The Theater of the Absurd
I found this article on the A-Team's Blog a while back. (I'm telling ya, they have great stuff!) It can be found in its entirety here, at Reformation 21.
In "The Theater of the Absurd," Carl Trueman suggests the danger of blogging is that blogmeisters begin to believe that, along with the right to speak, they have the right to be heard. And the internet makes it so easy to be heard! Trueman suggests we combat that nonsense out there by spending the majority of our blog-reading time on blogs that have substantial credentials. It makes far more sense to read the blog of a minister, perhaps, than the blog of some kid with a network computer in his bedroom.
Two sections in this article are worthy of quoting here:
It is that the whole blog phenomenon is inherently ridiculous; that the
more serious it tries to be, the more absurd and pompous it becomes; and that I
believe that if you can't beat the inevitable blogological deconstruction, you
might as well join it, and that with relish. As the old Buddhist proverb says,
'When faced with the inevitable, one must merely accept the inevitable.'[...]
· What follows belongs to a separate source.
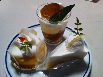 左の丸いケーキの3方を薄い花びらのように囲まれていますが、この白いのはホワイトチョコでした。

Or you could try another way, what we might call the 'Samuel Beckett' option: face this theatre of the absurd head-on; join in with the other nobodies pretending to be somebodies; laugh at your own ridiculous complicity in this nonsense; expose the systemic contradictions for all they are worth; mock the blogworld for all of its inane self-importance; and in so doing try in some small way to subvert the system from the inside. It may not ultimately work; but you'll have fun in the process.
So from this nobody pretending to be somebody, Happy New Year and Happy Blogging!